I think this is a fantastic analysis of scientific publishing in general. In the event that the editors don't decide to start up again, I hope they might decide to create the "Distill Arxiv" described. It was a brilliant format for the featured material.
A serious concern I have about self publishing (which doesn't appear to be addressed, hopefully I didn't miss it) is bit rot and long term format accessibility. arXiv (and traditional journals more generally) provides a reliable, versioned central repository. The contents appear in a predictable format and (mostly) adhere to an accepted set of styling conventions.
Today, you can retrieve scanned PDFs of many (most?) papers from the early 1900s. Other than the lack of color photographs and more simplistic figures, they're largely the same as their more modern counterparts. (But not quite - the lack of DOIs is downright painful.) I suspect that the entirety of arXiv will still be readily available in some form 100 years from now provided society doesn't suffer a total collapse; the same can't be said of a one off website as described in the article. (Perhaps versioning it on GitHub will prove to be enough?)

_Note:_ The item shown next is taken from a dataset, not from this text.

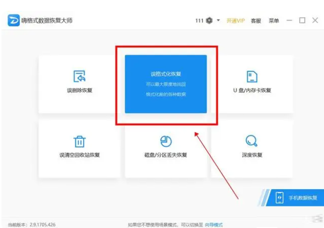 1:運行電腦上安裝好的【嗨格式數據恢復大師】軟件,軟件主頁上有六個恢復模式,這里需要點擊“誤格式化恢復”模式;
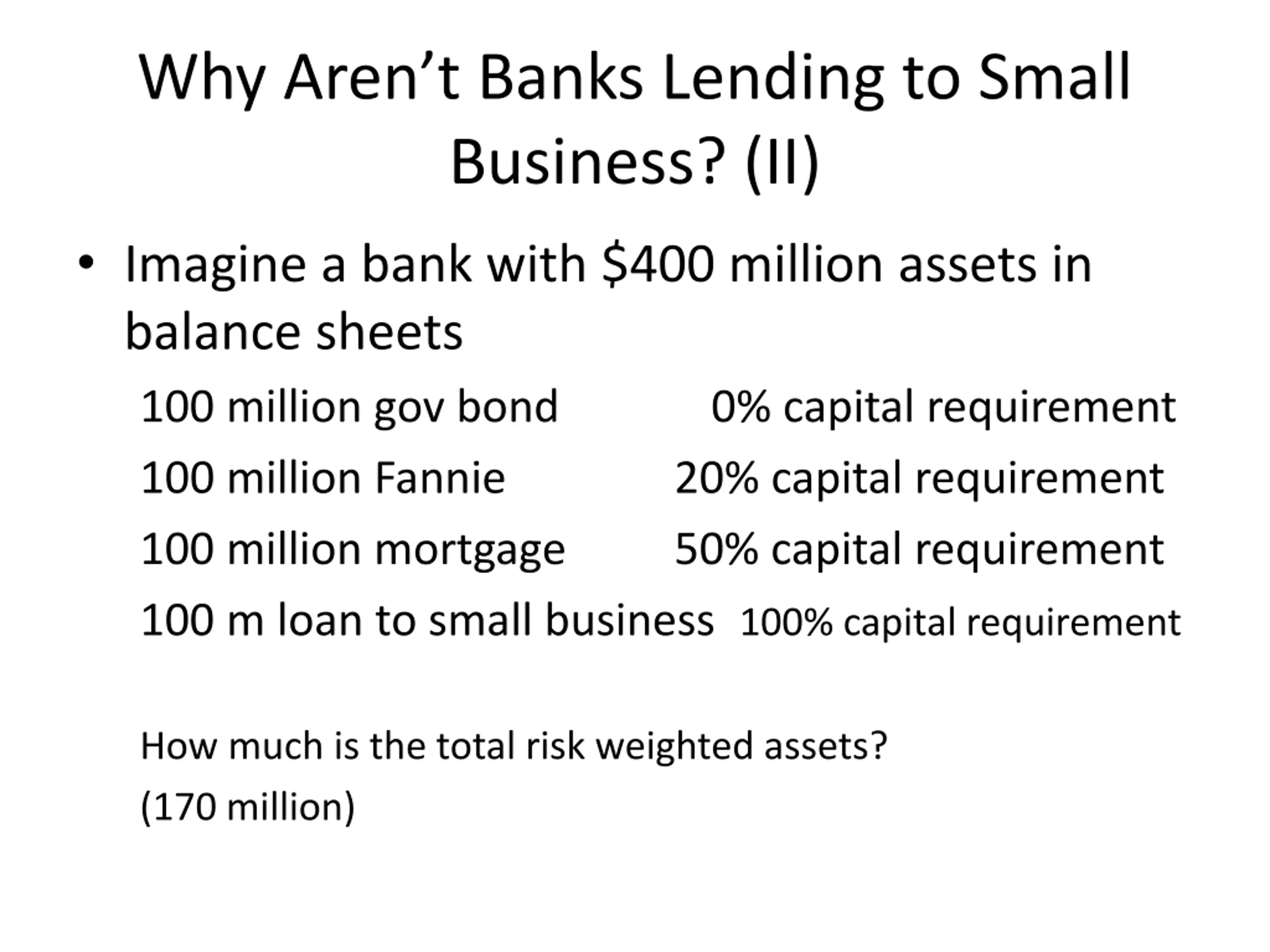 Why Arent Banks Lending to Small Business? (II) Imagine a bank with $400 million assets in balance sheets 100 million gov bond 100 million Fannie 20% capital requirement 100 million mortgage 50% capital requirement 100 m loan to small business 100% capital requirement 0% capital requirement How much is the total risk weighted assets? (170 million)

Related, probably the only frustration I had will Distill was that articles had a tendency to rely on assets hosted by third parties. Those are particularly prone to disappearing unexpectedly in my experience. I fear that one off websites will make this issue significantly more common.
Strongly agree on the archival concerns. The reason scientific publishing is nowadays built upon 2D PDFs is that those are the digital analogue of paper.
Distill used a new medium and media, with all the good and bad that comes with it. In my view the biggest challenge is archiving to ensure readability and accessibility in 20, 200, 2000 years. We can read things written in parchment 2000 years ago, we should aspire to properly view digital media 2000 years from now. Yet 2 years from now much of digital media on the internet is already broken. The internet archive is humankind's savior in this regard, but we need to do more, better and faster (because so much digital content is being created and lost before we can save it...).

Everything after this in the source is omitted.